8. Repeals Essential Health Benefits (EHBs) for Medicaid Expansion Beneficiaries. Under the ACA, states that expanded coverage to non-pregnant childless adults had to provide coverage in at least the 10 “essential health benefit” categories. AHCA repeals this requirement, which will no longer apply after December 31, 2019, resulting in beneficiaries losing services such as mental health and substance use disorder services, and losing access to some free preventive health services.
9. Repeals Enhanced Funding for States for Community First Choice (CFC) Attendant Supports. Established under the ACA, the “Community First Choice Option” allows States to provide home and community-based attendant services and supports to eligible Medicaid enrollees under their State Medicaid Plan. CFC funds assist individuals with Activities of Daily Living (ADLs), habilitative services and emergency back-up systems like electronic indicators. CFC also gives states the option to cover many of the costs of transitioning individuals from institutional care to supported community living, including rent deposits, moving expenses and some nonmedical transportation. Some of these services compliment the transition services. AHCA repeals the 6% increase in funds established to cover these services starting January 1, 2020.
10. Limits Home Equity Exclusions. Currently, individuals needing nursing home or other long-term care services must have home equity below a certain limit to qualify for those Medicaid services. States can exclude up to $750,000 of these individuals’ home equity. AHCA prohibits states from exceeding $500,000 of home equity, starting 6 months after the bill is enacted into law, potentially limiting the availability of nursing home and other long term care services to individuals who may live in high-cost areas and have substantial home equity but limited income and other assets.
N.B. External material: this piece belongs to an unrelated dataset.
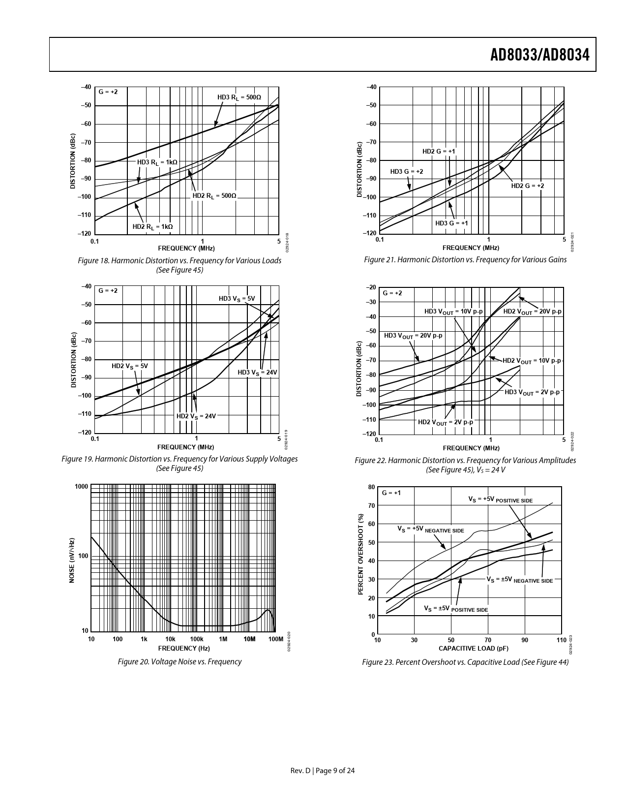 link to page 14 link to page 14 link to page 14 link to page 14 AD8033/AD8034–40–40G = +2HD3 RL = 500Ω–50–50–60–60c) B d –70–70(Bc) dHD2 G = +1ION –80(THD3 RN –80L = 1kΩIOORTHD3 G = +2T –90R –90ISODT SHD2 G = +2–100HD2 RL = 500ΩDI –100–110–110HD2 RHD3 G = +1L = 1kΩ–120–120 18 21 0 0.115 0 0.115 4- 4- FREQUENCY (MHz) 92 FREQUENCY (MHz) 92 02 02 Figure 18. Harmonic Distortion vs. Frequency for Various Loads Figure 21. Harmonic Distortion vs. Frequency for Various Gains (See Figure 45) –40–20G = +2G = +2HD3 VS = 5V–50–30HD3 VHD2 VOUT = 10V p-pOUT = 20V p-p–40–60–50HD3 VBc)OUT = 20V p-pd –70(c) –60NB dIO(T –80–70HD2 VOUT = 10V p-pRHD2 VS = 5VIONOTTHD3 VS = 24V–80S –90ORDIT IS –90HD3 V–100DOUT = 2V p-p–100–110HD2 VS = 24V–110HD2 VOUT = 2V p-p–120 19 –120 22 0.115 04- 0.115 0 4- FREQUENCY (MHz) 92 92 02 FREQUENCY (MHz) 02 Figure 19. Harmonic Distortion vs. Frequency for Various Supply Voltages Figure 22. Harmonic Distortion vs. Frequency for Various Amplitudes (See Figure 45) (See Figure 45), VS = 24 V 100080G = +1VS = +5V POSITIVE SIDE70) % ( T 60OVS = +5V NEGATIVE SIDE)O SH 50/√Hz V n 100VER(40EO TISENNOC 30VS = ±5V NEGATIVE SIDER PE 20VS = ±5V POSITIVE SIDE1010 20 0101001k10k100k1M01 M10M100M 0 3 4- 1030507090110 -02 FREQUENCY (Hz) 92 CAPACITIVE LOAD (pF) 24 02 29 0 Figure 20. Voltage Noise vs. Frequency Figure 23. Percent Overshoot vs. Capacitive Load (See Figure 44) Rev. D | Page 9 of 24 Document Outline FEATURES APPLICATIONS GENERAL DESCRIPTION TABLE OF CONTENTS REVISION HISTORY SPECIFICATIONS ABSOLUTE MAXIMUM RATINGS MAXIMUM POWER DISSIPATION OUTPUT SHORT CIRCUIT ESD CAUTION TYPICAL PERFORMANCE CHARACTERISTICS TEST CIRCUITS THEORY OF OPERATION OUTPUT STAGE DRIVE AND CAPACITIVE LOAD DRIVE INPUT OVERDRIVE INPUT IMPEDANCE THERMAL CONSIDERATIONS LAYOUT, GROUNDING, AND BYPASSING CONSIDERATIONS BYPASSING GROUNDING LEAKAGE CURRENTS INPUT CAPACITANCE APPLICATIONS INFORMATION HIGH SPEED PEAK DETECTOR ACTIVE FILTERS WIDEBAND PHOTODIODE PREAMP OUTLINE DIMENSIONS ORDERING GUIDE

Changing the financing of Medicaid from a guarantee (or “entitlement”) to a per capita cap and these other changes to Medicaid threaten everyone — enrollees who receive services, health care providers who provide care through Medicaid, families who live and work without the worry of providing expensive care to a child with a debilitating illness or an older adult who needs home care or nursing home care, and all communities which benefit from the jobs created and the federal dollars flowing into our state economies. Cutting $880 billion in federal funding and 14 million individuals off Medicaid creates significant financial hardship for states and is devastating for low-income and vulnerable people everywhere. No one can afford these changes.